What the exercise asks:
What you return must match the listing exactly, with every image removed.

Raw data:

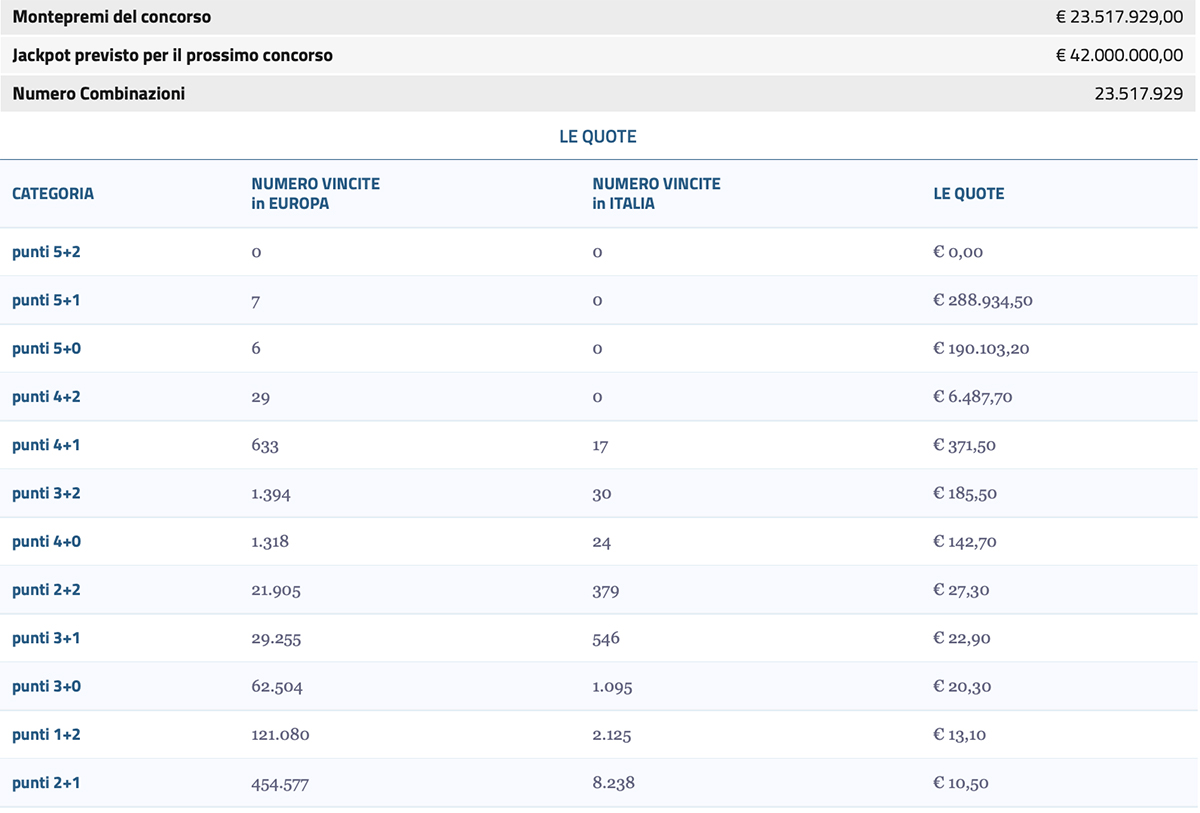 Estrazione EuroJackpot del 21 ottobre 2025: schedina vincente
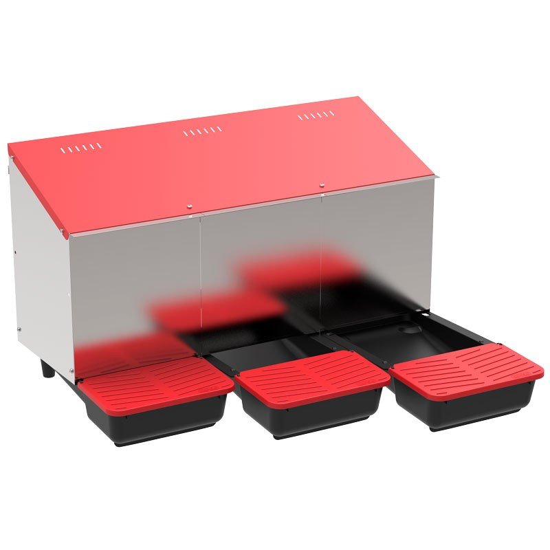 Nuevo ponedero para gallinas de 3 departamentos, desarrollado para facilitar la recogida de huevos desde el exterior del corral o gallinero (como se puede ver en el video). Su diseño permite que cada departamento pueda ser manipulado de manera independiente desde el exterior, permitiendo extraer tanto la cubeta como la cubierta de chapa para facilitar la limpieza, mantenimiento y el acceso al interior. El depósito de cada cubeta ha sido desarrollado para almacenar de 8 a 12 huevos y la tapa se mantiene elevada para facilitar la cogida de huevos con una mano.
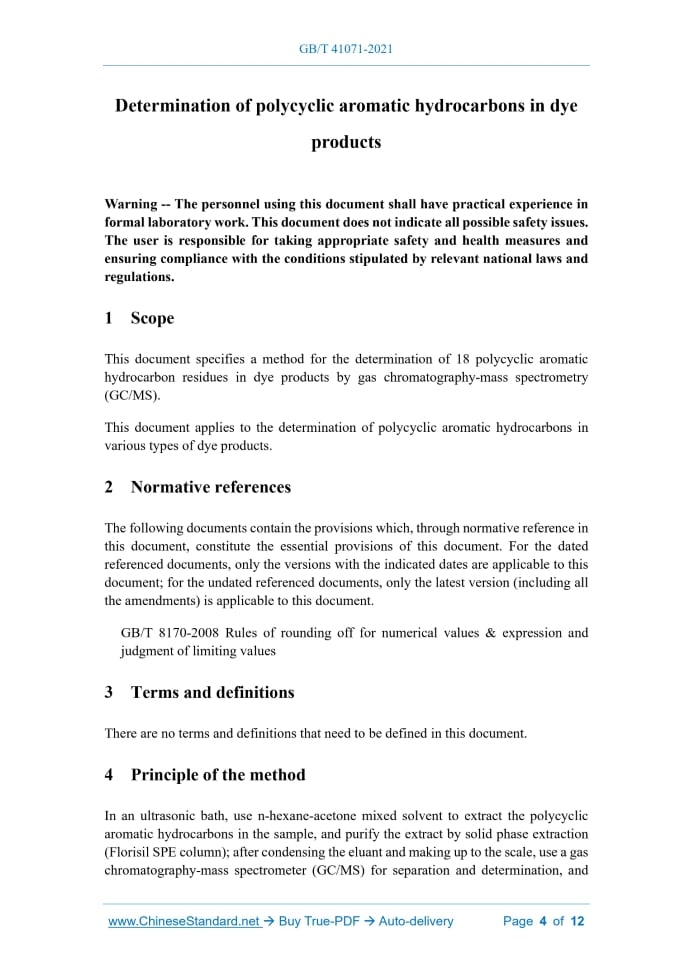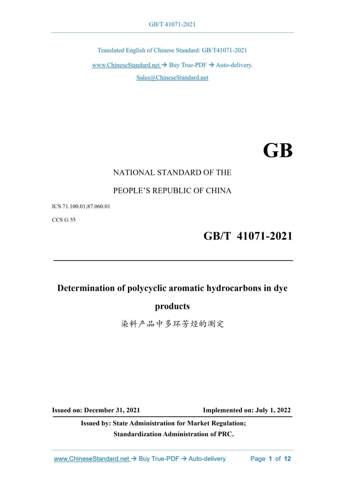 GB/T 41071-2021: Determination of polycyclic aromatic hydrocarbons in dye products Delivery: 9 seconds. True-PDF full-copy in English & invoice will be downloaded + auto-delivered via email. See step-by-step procedure Status: Valid
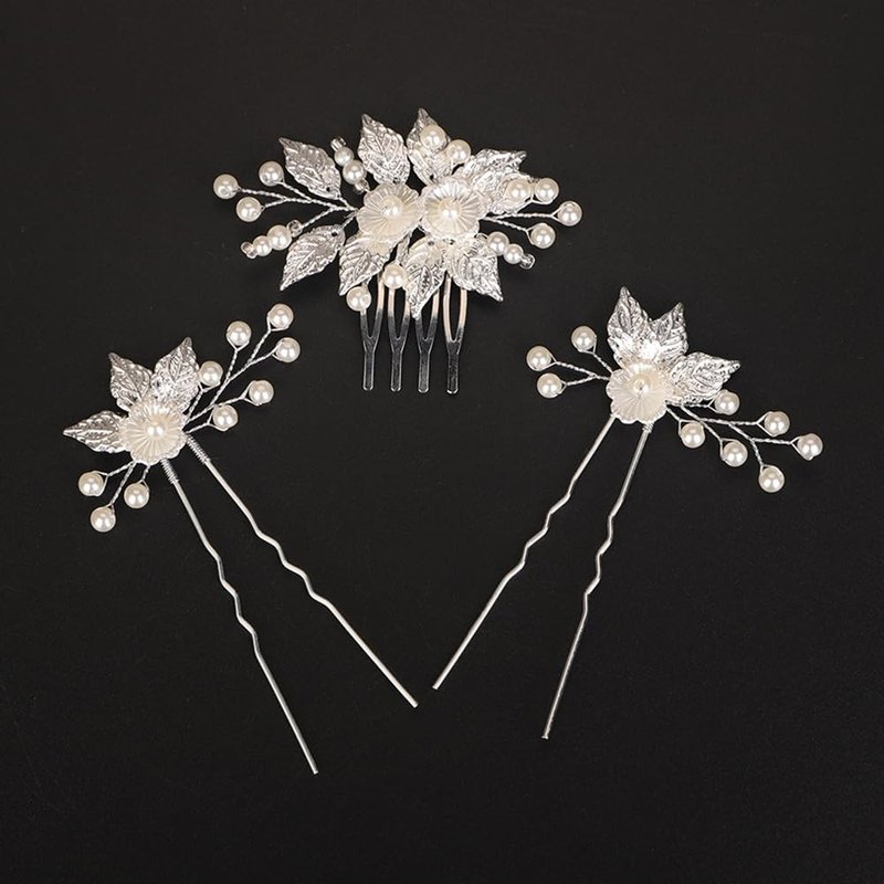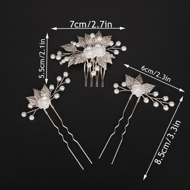 - Boho silver leaf pearl hair comb and pins set for women party prom wedding and evening,exquisite and unique design,will add more charm for your outfit.

Result of this task:
 Estrazione EuroJackpot del 21 ottobre 2025: schedina vincente
 Nuevo ponedero para gallinas de 3 departamentos, desarrollado para facilitar la recogida de huevos desde el exterior del corral o gallinero (como se puede ver en el video). Su diseño permite que cada departamento pueda ser manipulado de manera independiente desde el exterior, permitiendo extraer tanto la cubeta como la cubierta de chapa para facilitar la limpieza, mantenimiento y el acceso al interior. El depósito de cada cubeta ha sido desarrollado para almacenar de 8 a 12 huevos y la tapa se mantiene elevada para facilitar la cogida de huevos con una mano.
 GB/T 41071-2021: Determination of polycyclic aromatic hydrocarbons in dye products Delivery: 9 seconds. True-PDF full-copy in English & invoice will be downloaded + auto-delivered via email. See step-by-step procedure Status: Valid
 - Boho silver leaf pearl hair comb and pins set for women party prom wedding and evening,exquisite and unique design,will add more charm for your outfit.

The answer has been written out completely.